**** DATA SHOWN ****

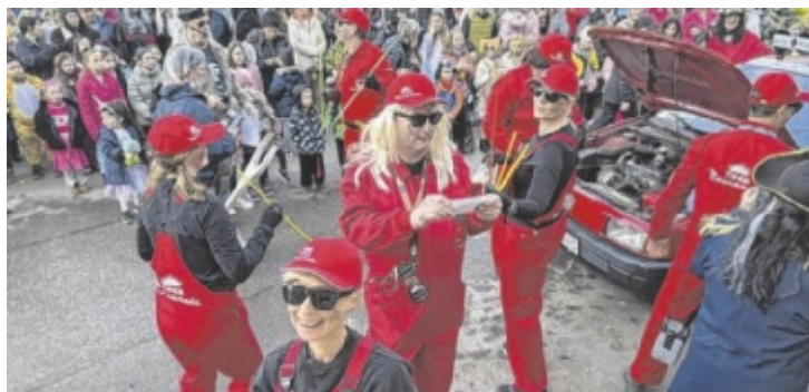
Bunt, laut und lustig: Die Funparade in Schwertberg.

Unterhaltung der Faschingsnarren. Einzelpersonen, Gruppen und Kinder sind eingeladen sich mit ihren kreativen Kostümen der Wertung zu stellen. Teilnehmen darf jeder, auch Gäste aus den Nachbargemeinden sind willkommen. Anmeldung telefonisch unter 0676 7242533. ■
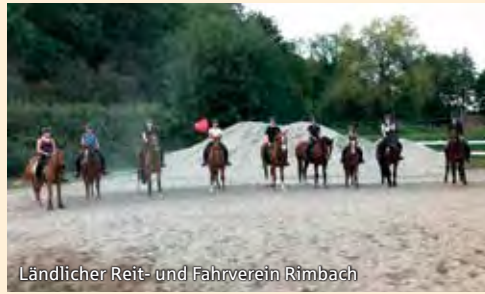
Ländlicher Reit- und Fahrverein Rimbach
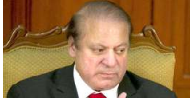
হন্দক্তা ইলেভন বিল ২০১৭ পাস তৌখিবা হান্নগী প্ৰাইম মিনিষ্টৱ অদুনা পি এম এল - এন অমুক হনু পায়বা য়ানবগী লম্বী ফাংখিবনি।

নৌহৌননা থাজবা থল্লগী ৰিজেলুশ্বন অমা পাস তৌখি হায়না পাকিস্তানি মীদিয়ানা ফোঙদোক্ৰি।
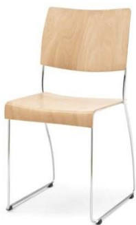
Modell 8010: Buche natur, ungepolstert
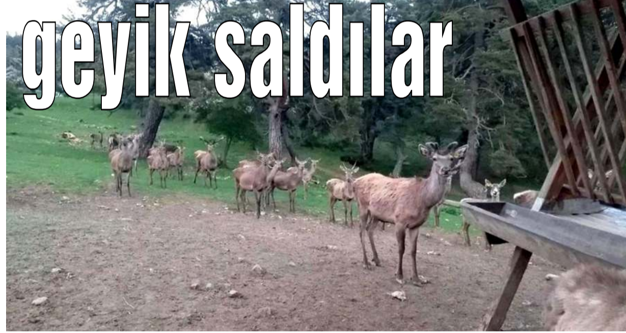
Kunduz Geyik Üretim Tesisi'nde 2022 yılında 8 geyik üretilerek doğaya salındı.

Samsun'un farklı bölgelerine yerleştirilen fotokapanlar ile geyik, çakal, kurt ve karaca gibi yaban hayvanları doğal yaşam alanlarında görüntülendi. Ulusal Biyolojik Çeşitlilik Envanter Projesi çerçevesinde bin 784 damarlı bitki, 51 memeli, 362 kuş, 29 balık, 12 sürüngen, 9 iki yaşamlı, 376 tohumlu bitki, 382 omurgasız hayvan türü tespit edildi. Bunun yanı sıra av koruma ve kontrol çalışmaları kapsamında 113 kişiye ise 236 bin 517 TL ceza yazıldı. (İHA)
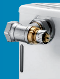
Gewindeanschluss an konventionellen Heizkörpern

****

WHAT TO DO: Exactly the lines from the one with "Kunduz Geyik Üretim" through the end of the records are to be repeated, both ends included, and pictures are to be omitted.

EXERCISE RESULT:
Kunduz Geyik Üretim Tesisi'nde 2022 yılında 8 geyik üretilerek doğaya salındı.

Samsun'un farklı bölgelerine yerleştirilen fotokapanlar ile geyik, çakal, kurt ve karaca gibi yaban hayvanları doğal yaşam alanlarında görüntülendi. Ulusal Biyolojik Çeşitlilik Envanter Projesi çerçevesinde bin 784 damarlı bitki, 51 memeli, 362 kuş, 29 balık, 12 sürüngen, 9 iki yaşamlı, 376 tohumlu bitki, 382 omurgasız hayvan türü tespit edildi. Bunun yanı sıra av koruma ve kontrol çalışmaları kapsamında 113 kişiye ise 236 bin 517 TL ceza yazıldı. (İHA)
Gewindeanschluss an konventionellen Heizkörpern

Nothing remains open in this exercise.